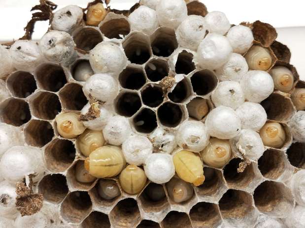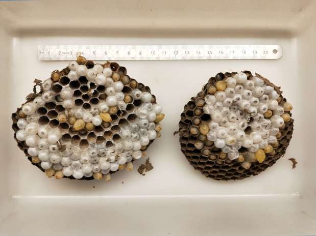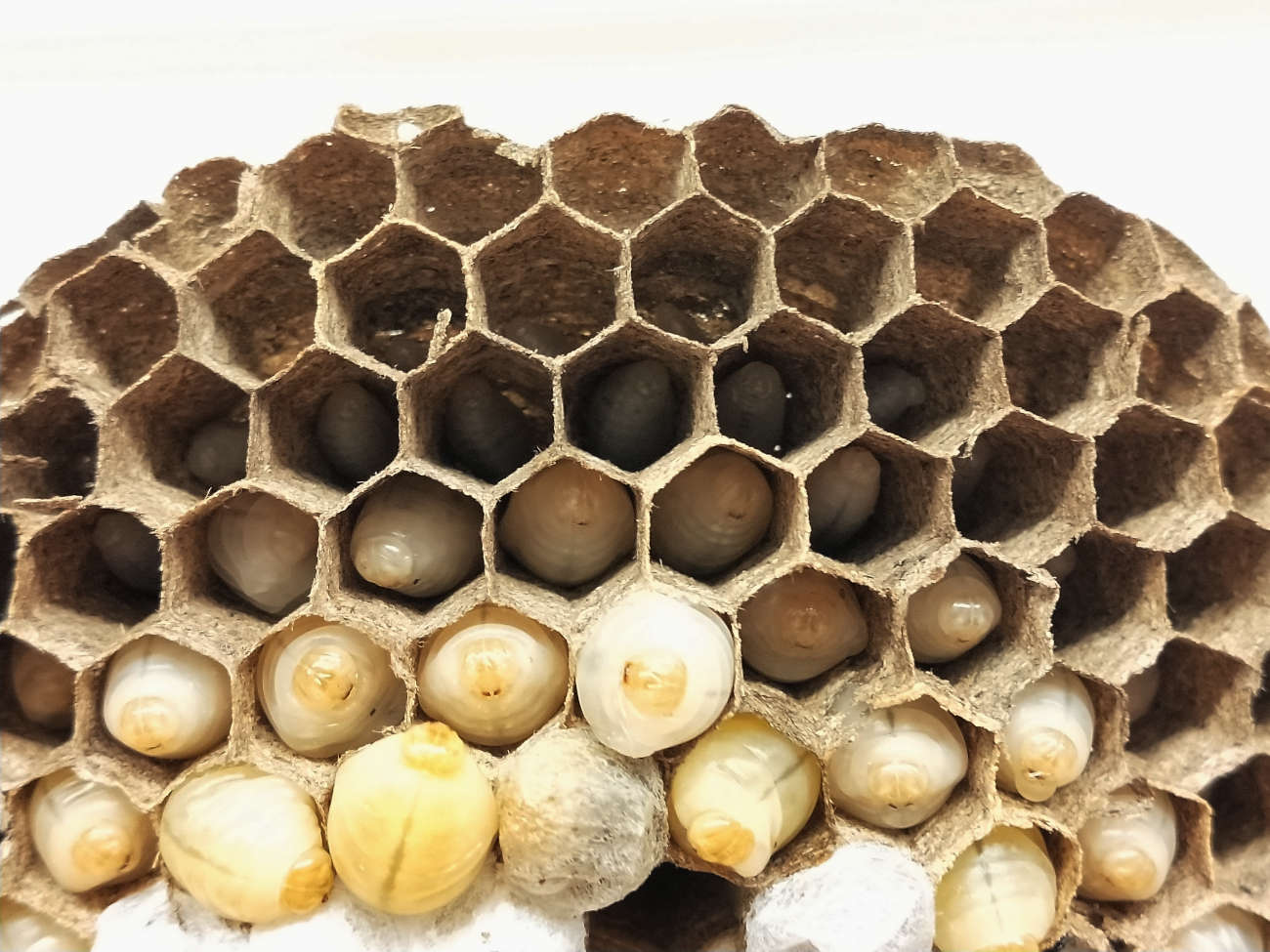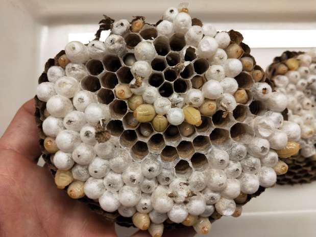 En casa separé la reina reproductora, las obreras y los machos (figura 13). Sí, los machos. Lo que sorprende de una colonia de avispa asiática es que puedan aparecer machos en un avispero primario. Esto no es algo raro, según mi observación. Es difícil de entender, porque los machos en principio no tienen más función que la de reproducción. Así que alimentar larvas de macho en esta época del desarrollo de la colonia es un derroche de energía. Además carecen de aguijón para defender la colonia. Según se cree, estos machos nacen de huevos puestos por las obreras. En efecto, las obreras ponen huevos. Es por ello que si hacemos un tratamiento contra avispa asiática a la luz del día y no eliminamos todos los individuos, nos podemos encontrar que las obreras que hayan sobrevivido construyan un nuevo avispero y pongan huevos de los que nazcan machos.
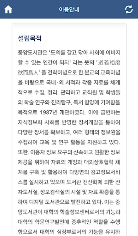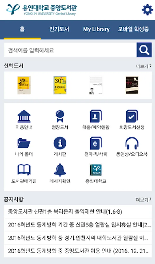Through the App, you can use the same services provided by the library, such as user guide, integrated search, book rental inquiry and postponement request, and reservation anytime, anywhere.
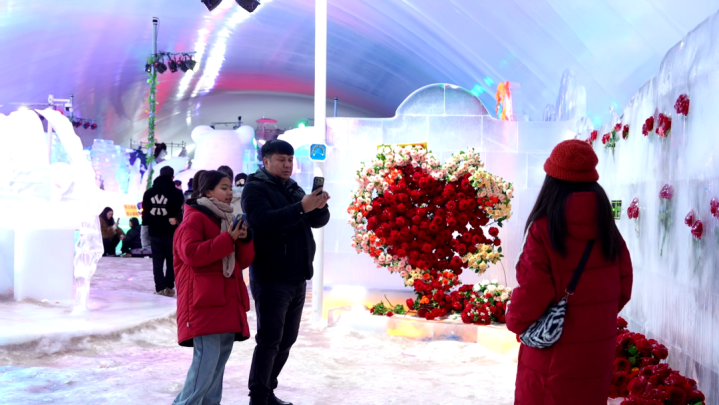 搭客在疏附县丝路明珠四季冰雪大寰宇拍照打卡。疏附县融媒体中心供图
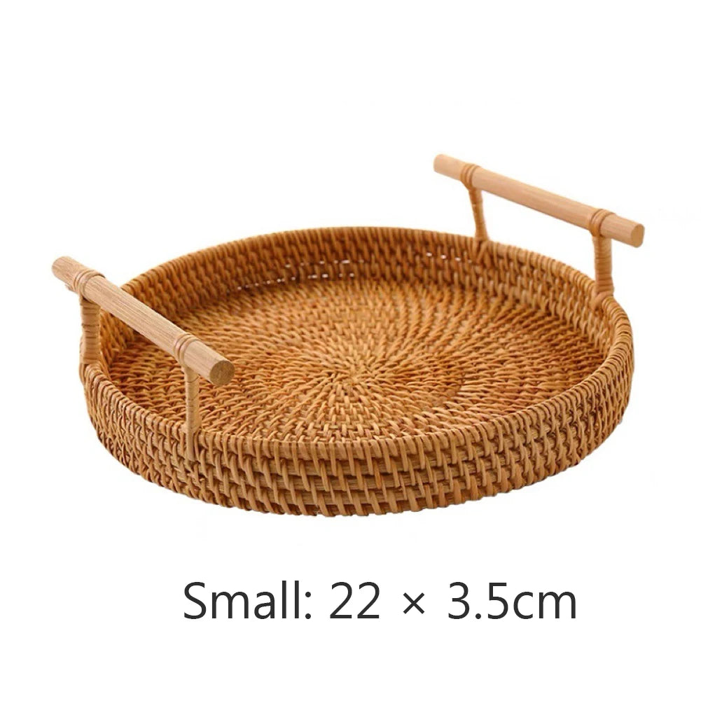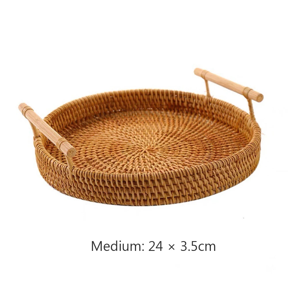 Rattan Tray Round Storage Basket Tray
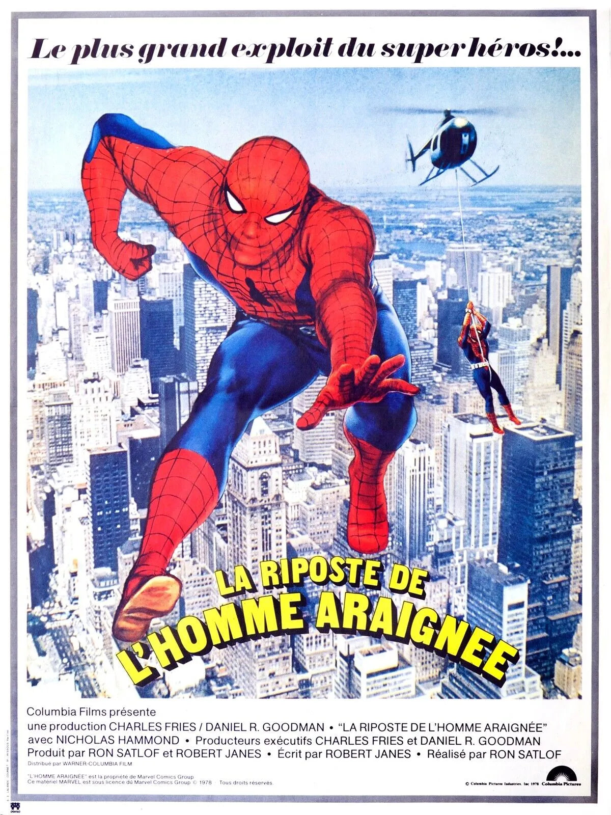 SPIDER-MAN CONTRAATACA, NICHOLAS HAMMOND, 1978, REPRODUCCIÓN DE PÓSTER DE CINE VINTAGE, ALTA CALIDAD Spider-Man Contraataca, "Spiderman" Póster de cine reproducción y lienzo ALTA CALIDAD -
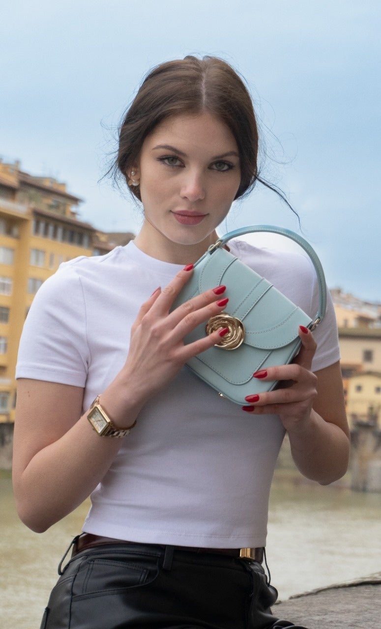 「ポンテ・ヴェッキオの時を刻んだ暖色の建築と、アルノ川の揺れる水面に映るスカイブルーのコントラストが、このバッグにさらなる静けさと洗練をもたらしています。」
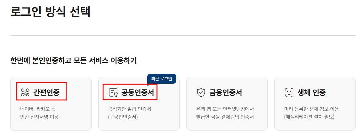 ✅ 공동인증서 또는 간편인증 등의 본인 인증 방법이 필요합니다.
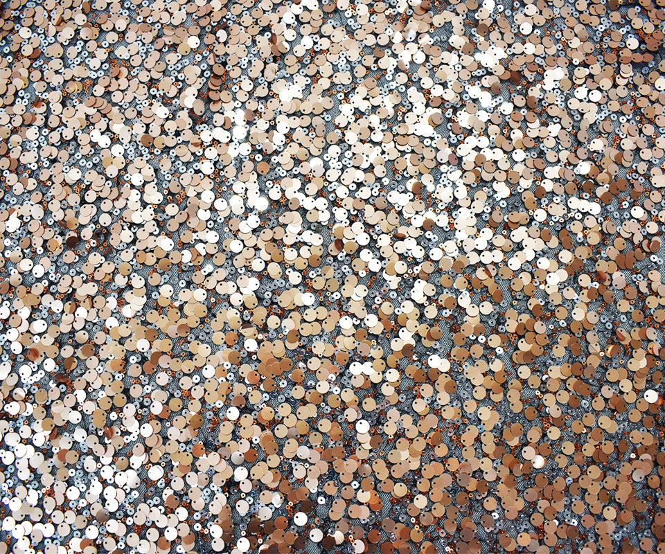 Black-Rose Gold-Multi Poly Abstract Sequined Tulle Mesh Fabric
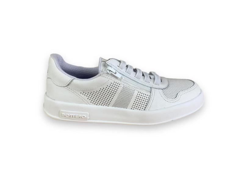 Tenis Feminino Casual Bottero Couro Legitimo Branco Confort
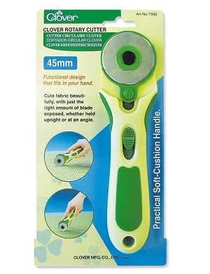 Clover's Soft Cushion Handle Rotary Cutters cut fabric beautifully with just the right amount of blade exposed, whether the cutter is held upright or at an angle. The cutter blade setup can be reversed making the rotary cutter suitable for both right and left handed operation
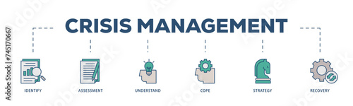 Crisis management icons process structure web banner illustration of recovery, strategy, understand, assessment, identify, cope icon live stroke and easy to edit
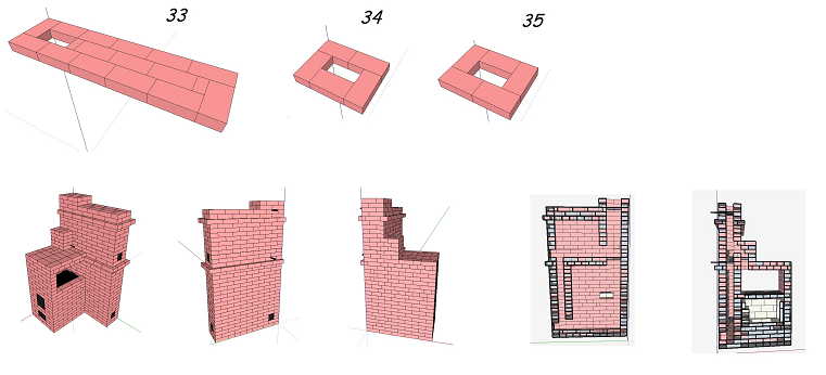 В 3-4 одна прочистка лишняя. Выше подвертки всё-таки перевязка в данном случае (первый колпак) желательна. Но основное это колпак без футеровки, напротив хайла затрещит.
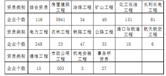 *本统计涉及专业资质工程类别的统计数据,均按主营业务划分。

HOW TO COMPLETE THIS TASK: Print the data word for word and omit the pictures.

SOLUTION TO THIS EXERCISE:
 En casa separé la reina reproductora, las obreras y los machos (figura 13). Sí, los machos. Lo que sorprende de una colonia de avispa asiática es que puedan aparecer machos en un avispero primario. Esto no es algo raro, según mi observación. Es difícil de entender, porque los machos en principio no tienen más función que la de reproducción. Así que alimentar larvas de macho en esta época del desarrollo de la colonia es un derroche de energía. Además carecen de aguijón para defender la colonia. Según se cree, estos machos nacen de huevos puestos por las obreras. En efecto, las obreras ponen huevos. Es por ello que si hacemos un tratamiento contra avispa asiática a la luz del día y no eliminamos todos los individuos, nos podemos encontrar que las obreras que hayan sobrevivido construyan un nuevo avispero y pongan huevos de los que nazcan machos.
Through the App, you can use the same services provided by the library, such as user guide, integrated search, book rental inquiry and postponement request, and reservation anytime, anywhere.
 搭客在疏附县丝路明珠四季冰雪大寰宇拍照打卡。疏附县融媒体中心供图
 Rattan Tray Round Storage Basket Tray
 SPIDER-MAN CONTRAATACA, NICHOLAS HAMMOND, 1978, REPRODUCCIÓN DE PÓSTER DE CINE VINTAGE, ALTA CALIDAD Spider-Man Contraataca, "Spiderman" Póster de cine reproducción y lienzo ALTA CALIDAD -
 「ポンテ・ヴェッキオの時を刻んだ暖色の建築と、アルノ川の揺れる水面に映るスカイブルーのコントラストが、このバッグにさらなる静けさと洗練をもたらしています。」
 ✅ 공동인증서 또는 간편인증 등의 본인 인증 방법이 필요합니다.
 Black-Rose Gold-Multi Poly Abstract Sequined Tulle Mesh Fabric
 Tenis Feminino Casual Bottero Couro Legitimo Branco Confort
 Clover's Soft Cushion Handle Rotary Cutters cut fabric beautifully with just the right amount of blade exposed, whether the cutter is held upright or at an angle. The cutter blade setup can be reversed making the rotary cutter suitable for both right and left handed operation
 Crisis management icons process structure web banner illustration of recovery, strategy, understand, assessment, identify, cope icon live stroke and easy to edit
 В 3-4 одна прочистка лишняя. Выше подвертки всё-таки перевязка в данном случае (первый колпак) желательна. Но основное это колпак без футеровки, напротив хайла затрещит.
 *本统计涉及专业资质工程类别的统计数据,均按主营业务划分。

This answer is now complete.